Pultenaea barbata is a species of flowering plant in the family Fabaceae and is endemic to the south of Western Australia. It is a prostrate or spreading, spindly shrub with hairy, needle-shaped leaves and yellow, red, orange or brown flowers with red or yellow markings.

==Description==
Pultenaea barbata is a spindly, prostrate or spreading shrub that typically grows to a height of 0.25–1.0 cm with glabrous stems. The leaves are cylindrical but with a groove along the upper surface, 3–17 mm long and 0.5–1.0 mm wide and hairy with stipules at the base. The flowers are yellow, red, orange or brown with spots and blotches of yellow, red or orange. Each flower is borne on a hairy pedicel 2.5–3 mm long with hairy bracteoles about 4 mm long at the base. The sepals are 5.5–7 mm long and hairy.

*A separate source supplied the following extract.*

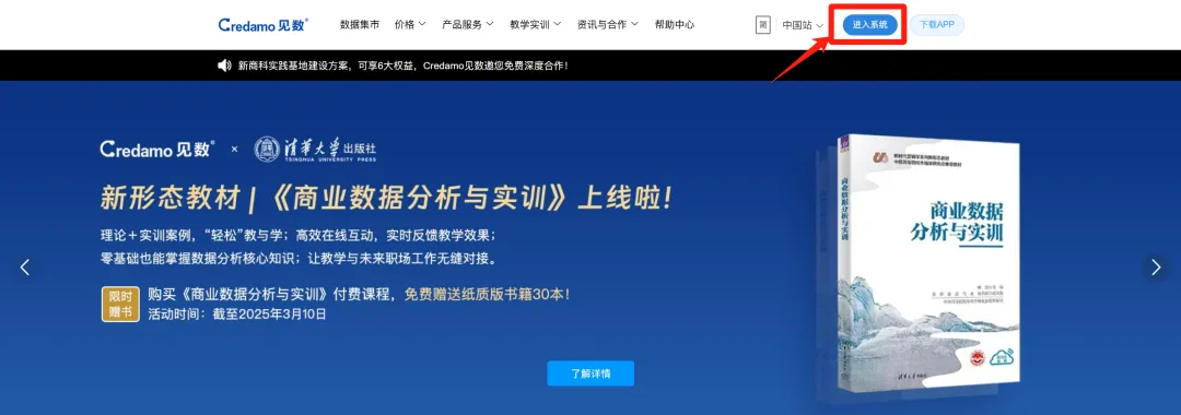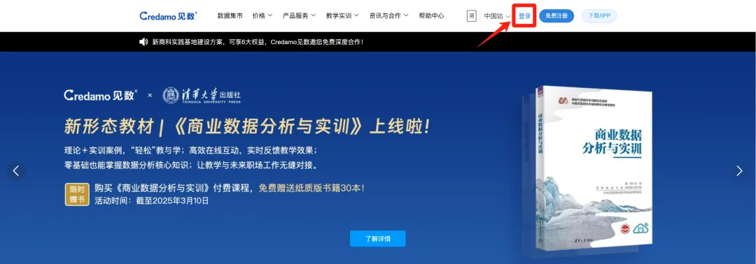 为帮助同学们更好地完成比赛,组委会公开了往届获奖团队的项目报告、答辩PPT等相关资料,供参赛选手参考,大赛组委会现已向所有报名参加商业分析赛道的师生免费升级教学实训平台高级账户。具体查看方式如下:【1】登录教学实训平台账号

The standard petal is 6.5–8 mm long, the wings 7–7.5 mm long and the keel is yellow, 5–7 mm long. Flowering occurs from September to December and the fruit is an oval pod.

==Taxonomy and naming==
Pultenaea barbata was first formally described in 1904 by Cecil Rollo Payton Andrews in the Journal of the West Australian Natural History Society from specimens he collected near the Phillips River in 1903. The specific epithet (barbata) means "bearded", referring to the style.

==Distribution and habitat==
This pultenaea grows on plains in the Esperance Plains, Mallee and Warren biogeographic regions in the south of Western Australia.

==Conservation status==
Pultenaea barbata is classified as "not threatened" by the Government of Western Australia Department of Parks and Wildlife.